The Division 2 Adds Two Short Missions For People Who Don’t Play For The Loot Grind

A pair of missions that Ubisoft added to The Division 2 this morning are a welcome treat for players like me, who are more excited finding the next audio log in an open-world game than grabbing the next statistically favourable piece of loot.

The missions are, for better or worse, currently exclusive to the game’s year-one season pass, and seem as if they’ll stay that way through March 2020. After that, I hope they’ll be offered to all players, because they’re shaping up to be a pretty cool addition to Ubisoft’s post-disaster Washington, D.C. shooting game.

They’re called Classified Assignments and mix the game’s familiar cover-based shooting with some of the game’s best audio logs and a dash of puzzle-solving.

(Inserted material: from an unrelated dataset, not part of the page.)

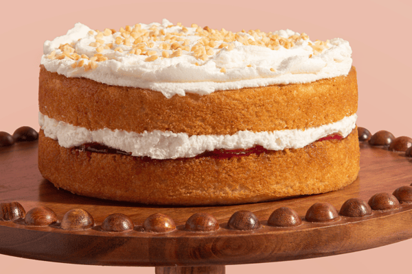 Award-winning, much-missed and finally back. Our Vegan Bakewell Cake layers soft almond sponge with buttery frosting, a generous swipe of raspberry jam and a crunchy crown of toasted almonds. Some flavours deserve an encore (or three).

They don’t appear to be particularly lucrative missions for grinding better armour or guns, but there are more than enough activities in this huge game for people who are into that.

Classified Assignments seem built for players who appreciate how a game like this can tuck short stories in its nooks and crannies.

If you have Division 2 and its season pass, you have access to these missions. After logging into the game, you’ll get an alert on your map for the first classified assignment. For me, it was the one set in National Bond Bank in the northern part of the map, though I’m not sure if that’s the one everyone starts with.

A blue icon and a circle around it show the general area of the mission, which the player needs to find. Any veteran Division 2 player knows that you just need to look for pipes, doorways or anything else coloured yellow to find the hidden thing, a technique that works to get to the bank’s entrance.

The mission is brief. You step into a bank occupied by the True Sons enemy faction and engage in shootouts, first in the lobby and then downstairs near the vault and beyond. The shooting is familiar and satisfying, as enemies make a decent effort to flank and fight back.

The novelty is that the designers of the Classified Assignments have placed four audio logs in the mission that tell the story of what people working for the bank did in the lead-up to the biological weapons attack that struck New York City before the first Division and led to the calamity in D.C. as well. The attack involved poisoned paper money, so we’ve got bank managers deciding what to do with potentially contaminated cash, and people running and working for the bank pondering whether to abscond with some of the money before it is quarantined.

The second Classified Assignment is set in a theatre, and uses its scenery and audio logs to tell the story of a by-the-book police captain who tried to use the location as a makeshift holding cell while reinforcing it against rioters.

In four short logs, we get a surprisingly twist-filled story that involves the captain dealing with a civilian complaint about excessive force by one of her officers, while trying to avoid alienating the community she serves and the officers working under her. In this Classified Assignment, the theatre is filled with members of the enemy Hyena faction, who fight you in the lobby, amid the seats, and backstage. They’re tougher than the True Sons in the bank Assignment.

The stories told by the audio logs in these missions are a refreshing return to form for the series’ peripheral storytelling. The 200-plus logs in the first Division told surprisingly emotional stories about regular New Yorkers’ lives right before, during, and after the attack that led to the city’s quarantine.

The stories are full of hope and heartbreak. The Division 2’s logs mostly involve politicians, soldiers, and enemy factions, all people barking on about issues of power and domination, often ghoulishly describing some horror or another. In the Classified Assignment’s logs we hear stories that are more down to earth, that involve more civilians coping with the stresses of a society under attack. They’re more relatable and an encouraging sign that the franchise has more tales like this to offer.

The Classified Assignments also stand out for the small puzzles they present. Both missions lock some collectibles behind doors that are not easily opened without some keen observation of details in the level. Saying more would spoil them. To put expectations in check, these aren’t brilliant brain-teasers leading to game-best loot.

Rather, they’re little environmental puzzles that lead to an audio log or a trinket that can dangle from the player-character’s backpack. They’re not a huge deal, but they’re another example of the Classified Assignments being designed for players who are more interested in the pleasures of exploration than in the quest for loot.

Both Classified Assignments end in battles against named bosses, who drop some high-end gear. There are many other ways to get great loot in the game, so it’s unlikely these will necessarily be a draw for that. They are short, though, and so season pass owners might be tempted to grind them repeatedly. Possibly to prevent that, they run on a timer, limiting players’ access to them to once per week.

That limitation kicks in only after you finish the mission, and before you leave, you’re warned if you haven’t collected all the audio logs and backpack trinket hidden in the level. That timer does at least make the Classified Assignments the first side missions in this sprawling game that are repeatable. Main missions can be played over and over again, but side ones, for some reason, cannot. Perhaps this system shows a way they could be offered back to players.

Ubisoft has promised season pass holders eight Classified Assignments in the game’s first year. It’s unclear how the remaining six will be doled out. The Division 2 is only two months old, but it’s now a quarter of the way through its Classified Assignments.

They’re a positive sign that the people behind the series recognise that not all of us playing simply want to go back into the game to gain higher-stat gear. They’re a more chill offering and hopefully one that’ll reach more players as the game’s planned multi-year lifespan continues.